* EXCERPTED RECORDS *
Start of Block

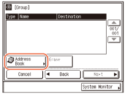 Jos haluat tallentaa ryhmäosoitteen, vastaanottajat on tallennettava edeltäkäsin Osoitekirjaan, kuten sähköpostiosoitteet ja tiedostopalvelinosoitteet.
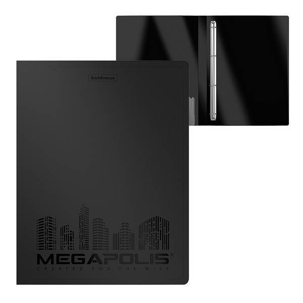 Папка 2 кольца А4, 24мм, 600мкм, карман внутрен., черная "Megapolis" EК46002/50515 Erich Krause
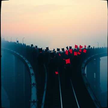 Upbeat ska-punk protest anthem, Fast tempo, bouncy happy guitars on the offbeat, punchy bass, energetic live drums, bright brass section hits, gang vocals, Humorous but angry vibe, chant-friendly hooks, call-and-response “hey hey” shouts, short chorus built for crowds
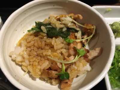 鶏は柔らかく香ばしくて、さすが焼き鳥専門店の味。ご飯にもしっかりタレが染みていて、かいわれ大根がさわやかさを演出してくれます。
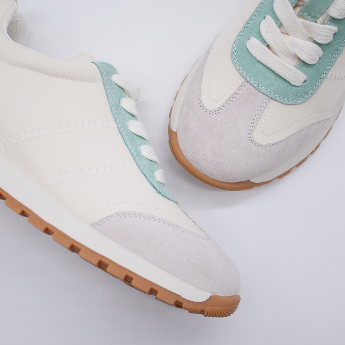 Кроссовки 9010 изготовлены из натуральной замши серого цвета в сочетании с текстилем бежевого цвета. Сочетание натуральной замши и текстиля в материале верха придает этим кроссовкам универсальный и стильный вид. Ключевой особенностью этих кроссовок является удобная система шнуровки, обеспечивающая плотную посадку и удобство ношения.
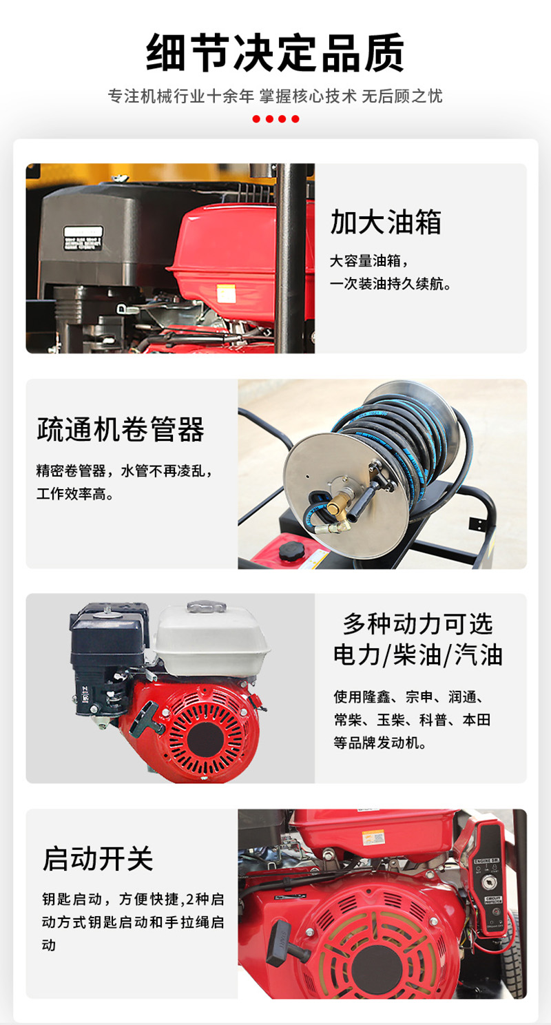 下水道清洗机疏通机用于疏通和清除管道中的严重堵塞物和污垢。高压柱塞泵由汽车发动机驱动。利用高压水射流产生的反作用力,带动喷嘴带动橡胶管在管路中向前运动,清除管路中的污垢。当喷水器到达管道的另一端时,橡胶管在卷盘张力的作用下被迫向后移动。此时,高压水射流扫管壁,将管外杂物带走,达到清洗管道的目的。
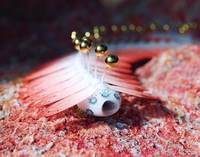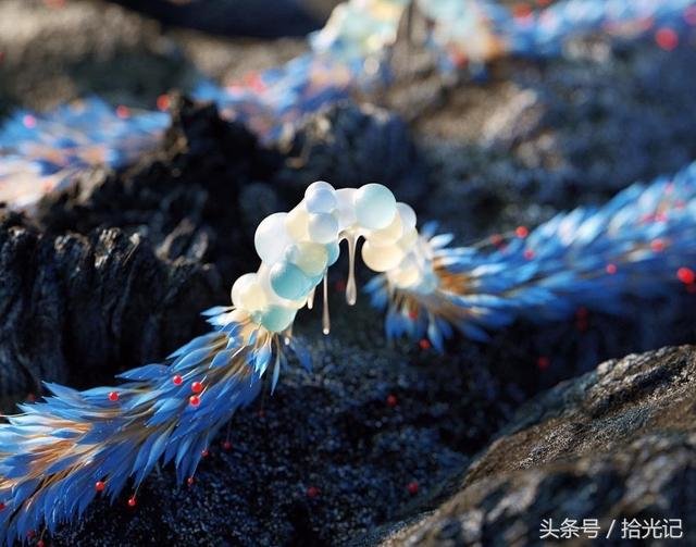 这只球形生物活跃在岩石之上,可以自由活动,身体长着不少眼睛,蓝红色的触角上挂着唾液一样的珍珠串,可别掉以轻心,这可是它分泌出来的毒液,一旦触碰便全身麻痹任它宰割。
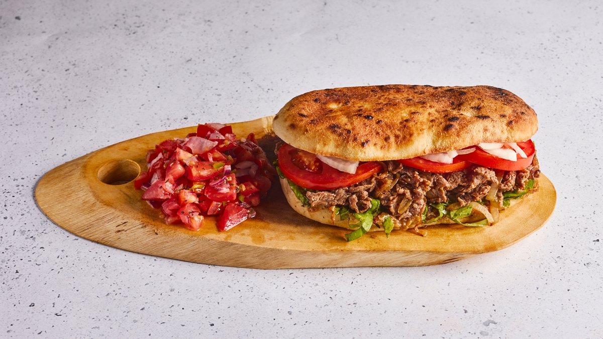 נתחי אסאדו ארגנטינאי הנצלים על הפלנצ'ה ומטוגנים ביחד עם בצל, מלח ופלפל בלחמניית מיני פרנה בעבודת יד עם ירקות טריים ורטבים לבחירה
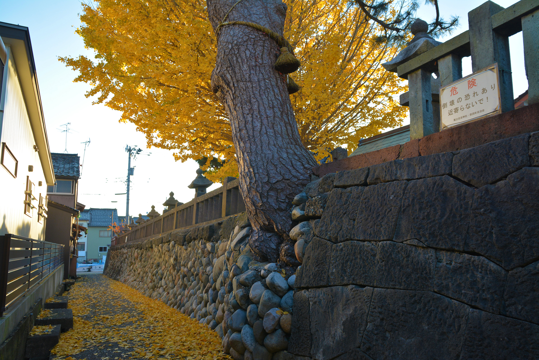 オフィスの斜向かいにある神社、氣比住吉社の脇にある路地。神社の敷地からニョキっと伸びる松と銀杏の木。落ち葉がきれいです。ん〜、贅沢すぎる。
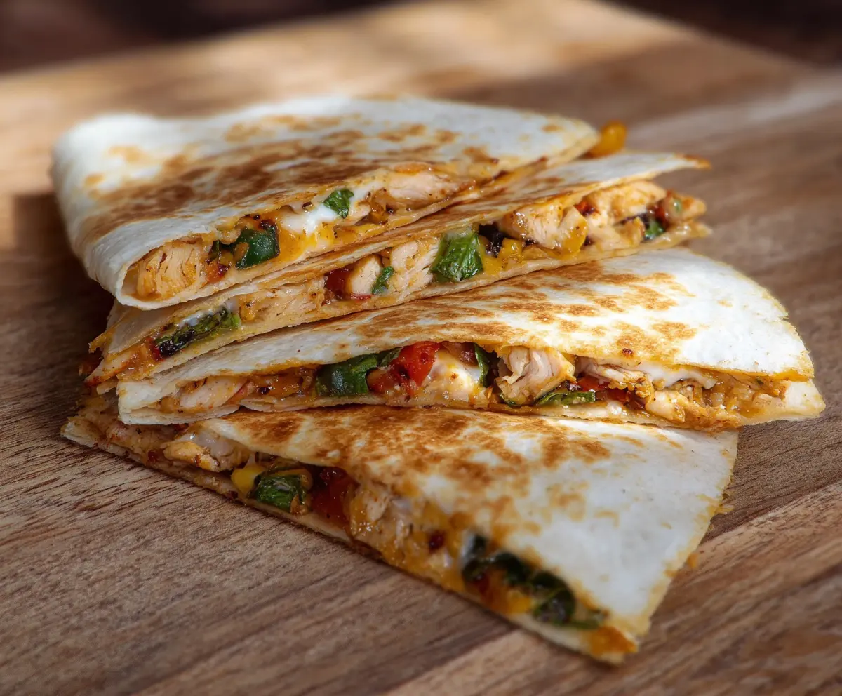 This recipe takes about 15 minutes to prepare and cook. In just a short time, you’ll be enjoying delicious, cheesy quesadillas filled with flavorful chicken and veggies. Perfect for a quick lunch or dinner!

End of Block

* PROMPT *
Please extract exactly the lines of the data, from the first through the line containing "Папка 2 кольца", and add no pictures to the copy.

* EXERCISE RESPONSE *
 Jos haluat tallentaa ryhmäosoitteen, vastaanottajat on tallennettava edeltäkäsin Osoitekirjaan, kuten sähköpostiosoitteet ja tiedostopalvelinosoitteet.
 Папка 2 кольца А4, 24мм, 600мкм, карман внутрен., черная "Megapolis" EК46002/50515 Erich Krause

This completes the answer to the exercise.